Joel Sinofsky Joel Sinofsky - 2 months ago 12
SQL Question

Manipulating data WITHIN excel using SQL

I have an excel report I am working on which uses VBA to manipulate data.

Although there isn't a reason I can't use VBA for my purposes, I would rather do it in SQL as I am much more proficient in that language. In order to do so, I am facing a couple of challenges and have simplified my problem to one easier to solve.

Say I have a Excel spreadsheet with the number 1 in cell A1, 2 in cell A2, and 3 in cell A3. In cell A4 I am trying to sum these, resulting in the number 6.

The SUM() function would get me the answer I would like, but not the way I want to go about it.

Instead here is what I am trying to do...

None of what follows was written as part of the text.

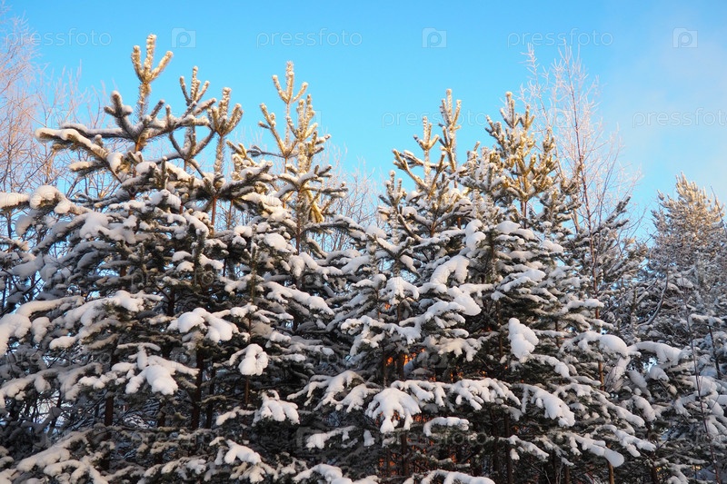 Сосновый лес зимой днем при сильных морозах, Карелия. Снег на хвойных ветвях. Морозный солнечный антициклон. Сосна обыкновенная Pinus sylvestris сосновое растение Pinus из Pine Pinaceae

1) read cells A1->A3 into a table object (call this x) using VBA
2) declare a string variable and set it to 'SELECT SUM(column1) FROM x'
3) execute that sql string
4) store the results in cell A4


Is this a feasible way of going about things? If so, could an example be posted?

Answer Source

Yes, it can be done. No, it shouldn't be done. If you need the sum of 3 cells, compute the sum of 3 cells - Excel has built-in functions specifically made for this.

=SUM(A1:A3)

Type that in [A4] and you'll get your sum without writing any code, in the most efficient way possible, and without surprising the Hell out of anyone looking at what you've done.


Still not convinced? Okay. Have a seat, grab some pop-corn, and enjoy the ride.

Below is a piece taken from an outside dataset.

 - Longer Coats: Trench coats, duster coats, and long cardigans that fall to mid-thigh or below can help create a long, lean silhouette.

read cells A1->A3 into a table object (call this x) using VBA

Excel isn't a database, it doesn't have tables - not in the way you mean the word "table". But that's no showstopper.

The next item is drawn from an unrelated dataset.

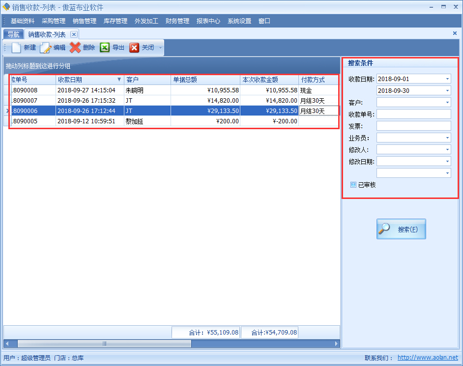 傲藍布匹銷售管理系統(tǒng)銷售收款實現(xiàn)自動引入單據(jù),多次收款

Say your workbook has 3 sheets, code-named Sheet1, Sheet2 and Sheet3 (that's the default anyway). So you have Sheet1!A1:A3 populated with some numbers that you want to SUM up using , because... doesn't matter why, just because.

Since we want the sum to be written into Sheet1!A4, we won't be using Sheet1 as our "table" - rather we'll treat it as our output.

So we'll copy Sheet1!A1:A3 to Sheet2:

Sheet2.Range("A1").Value = "Values" 'our column header
Sheet1.Range("A1:A3").Copy Sheet2.Range("A2") 'our values

Next, we need something that can treat Sheet2 as a "table", and execute SQL queries against it. So we'll set up an ADODB/OLEDB connection to Sheet2, execute the SQL query, get a Recordset object with the results, and then dump the value into Sheet1!A4.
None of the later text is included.